▸ The problem: Reproduce the material below only from the line with "نفخ وتوزيع الحلوى." to the line with "Un escarpin à", both included, keeping each line exact and dropping the pictures.
** Given entries follows **
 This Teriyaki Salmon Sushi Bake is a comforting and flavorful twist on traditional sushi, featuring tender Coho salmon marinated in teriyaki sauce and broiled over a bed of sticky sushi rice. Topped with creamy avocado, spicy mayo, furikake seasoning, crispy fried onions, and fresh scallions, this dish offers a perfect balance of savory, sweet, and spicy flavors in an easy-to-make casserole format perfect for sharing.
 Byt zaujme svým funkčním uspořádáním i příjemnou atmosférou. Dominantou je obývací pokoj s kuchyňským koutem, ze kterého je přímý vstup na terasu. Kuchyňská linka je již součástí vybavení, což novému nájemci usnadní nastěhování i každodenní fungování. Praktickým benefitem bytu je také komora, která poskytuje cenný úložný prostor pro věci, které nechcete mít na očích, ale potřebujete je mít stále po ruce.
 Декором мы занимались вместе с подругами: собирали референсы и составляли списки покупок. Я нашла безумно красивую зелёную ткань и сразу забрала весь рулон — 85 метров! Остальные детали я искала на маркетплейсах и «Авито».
** End of Given entries **
** Given entries follows **
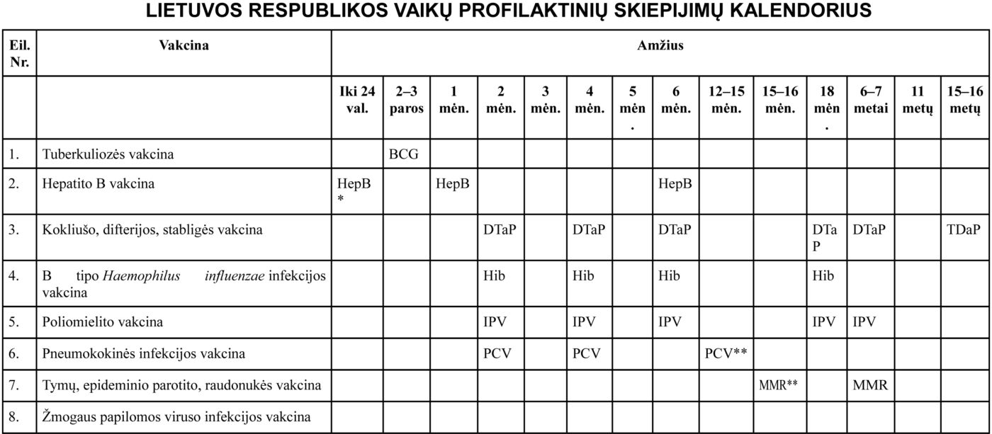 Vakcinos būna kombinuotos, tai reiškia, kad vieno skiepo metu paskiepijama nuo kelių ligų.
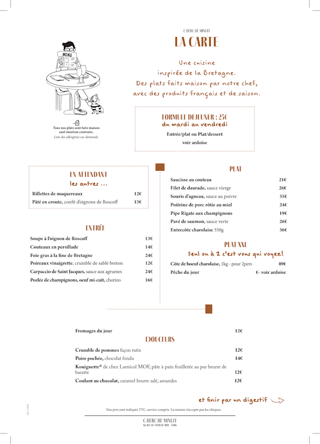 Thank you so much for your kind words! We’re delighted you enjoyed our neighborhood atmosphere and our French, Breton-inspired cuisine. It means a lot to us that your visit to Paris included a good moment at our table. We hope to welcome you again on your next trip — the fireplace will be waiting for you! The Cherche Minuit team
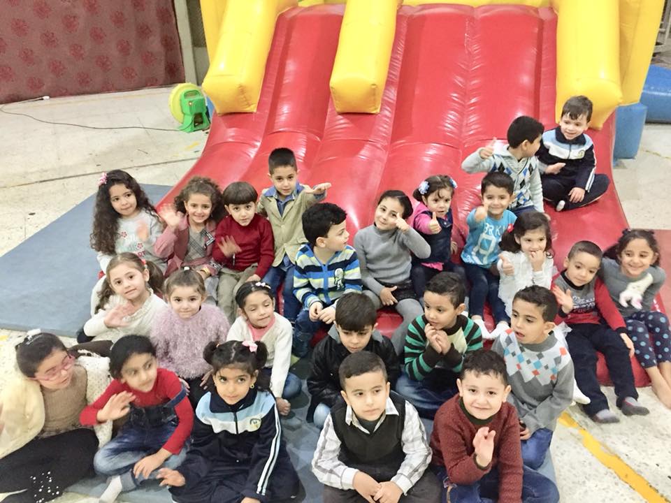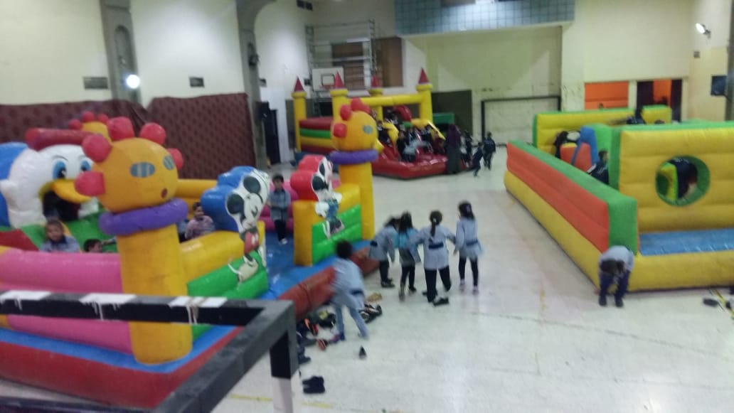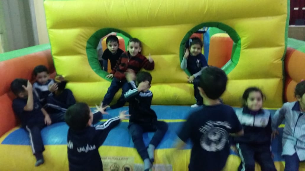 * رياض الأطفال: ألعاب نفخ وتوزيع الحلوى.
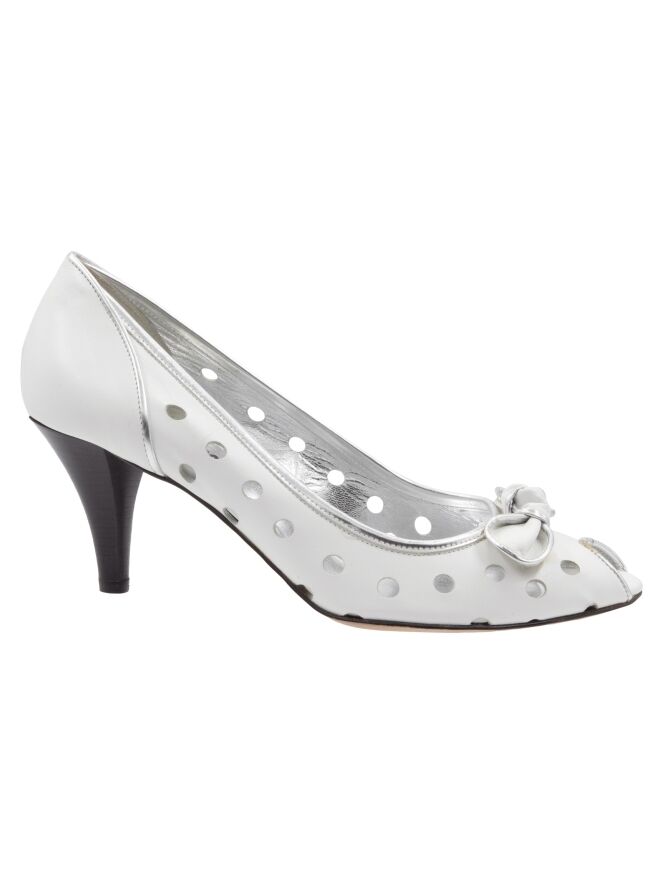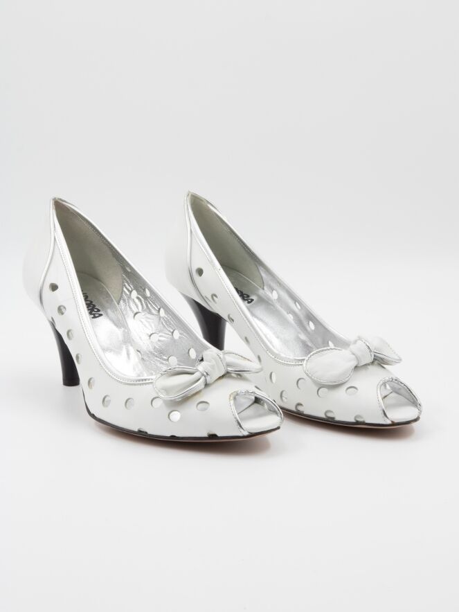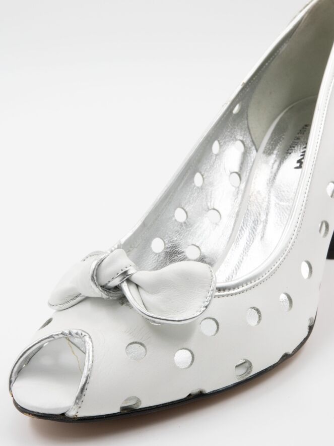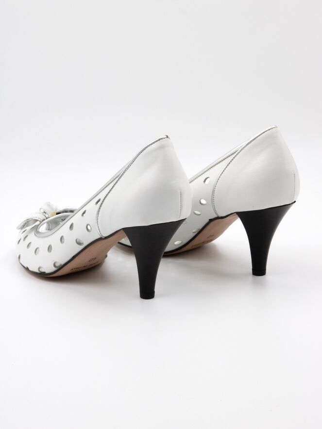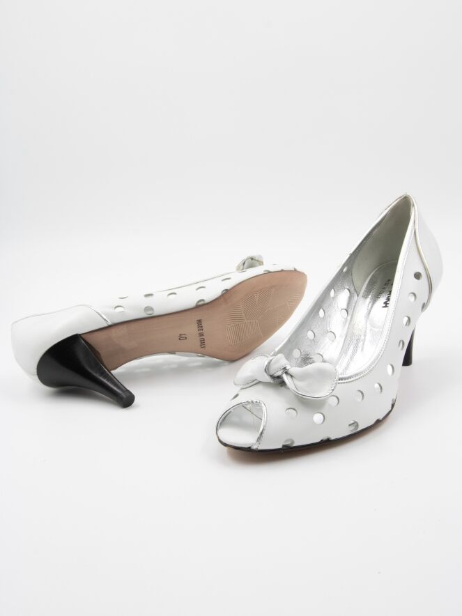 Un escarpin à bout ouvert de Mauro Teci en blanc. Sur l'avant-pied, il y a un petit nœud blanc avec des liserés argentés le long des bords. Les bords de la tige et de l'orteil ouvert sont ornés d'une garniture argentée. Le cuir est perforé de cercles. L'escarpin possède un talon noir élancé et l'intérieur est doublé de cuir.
** End of Given entries **
** Given entries follows **
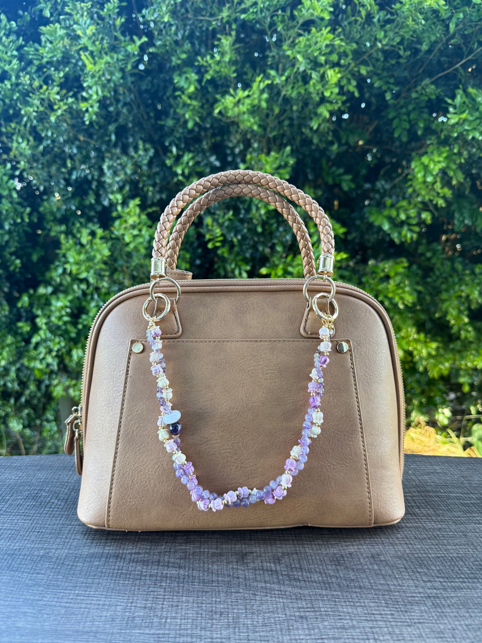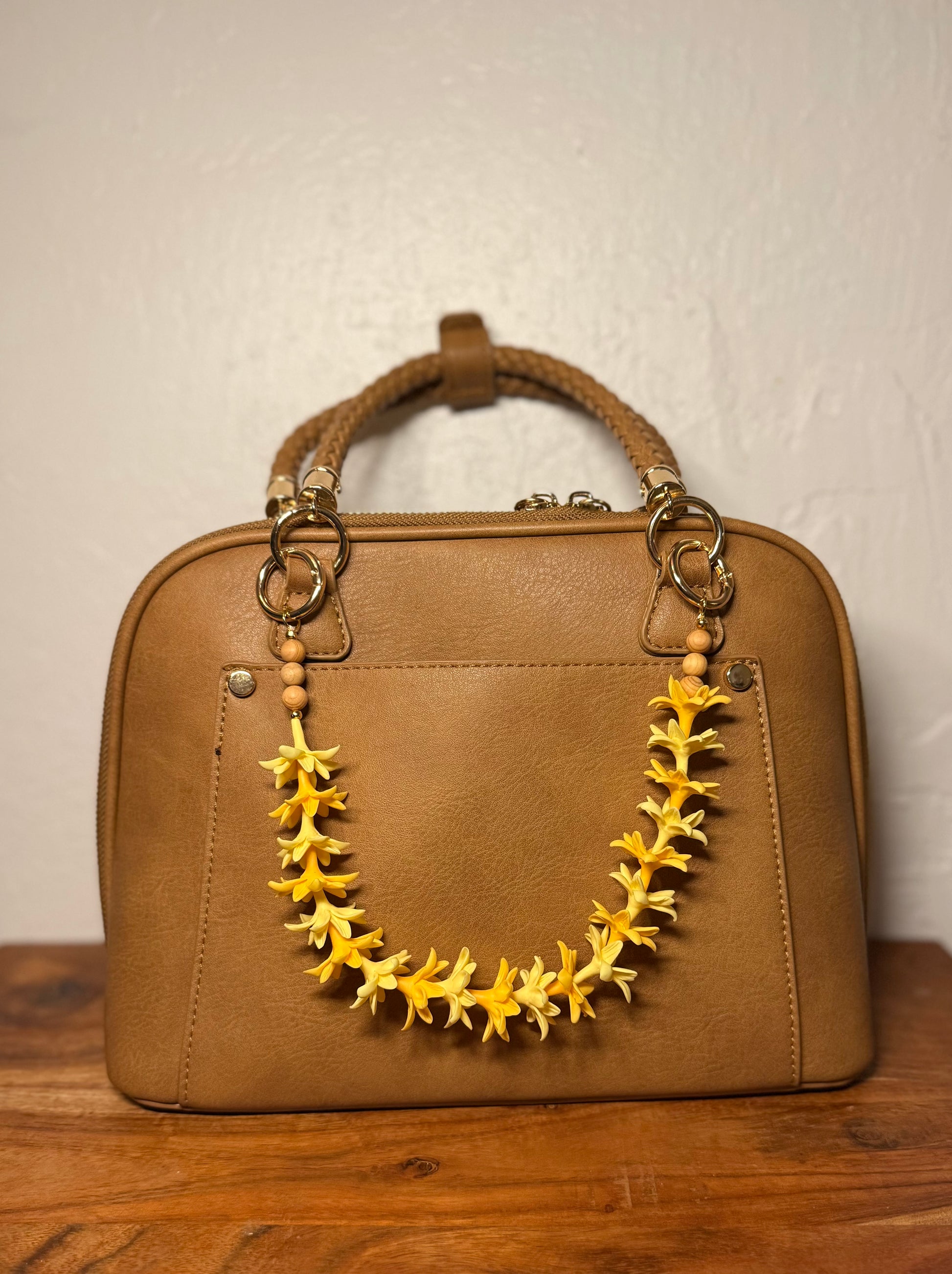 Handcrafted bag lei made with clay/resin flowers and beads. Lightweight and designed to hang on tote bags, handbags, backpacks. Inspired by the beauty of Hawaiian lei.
** End of Given entries **
▸ Expected answer:
 * رياض الأطفال: ألعاب نفخ وتوزيع الحلوى.
 Un escarpin à bout ouvert de Mauro Teci en blanc. Sur l'avant-pied, il y a un petit nœud blanc avec des liserés argentés le long des bords. Les bords de la tige et de l'orteil ouvert sont ornés d'une garniture argentée. Le cuir est perforé de cercles. L'escarpin possède un talon noir élancé et l'intérieur est doublé de cuir.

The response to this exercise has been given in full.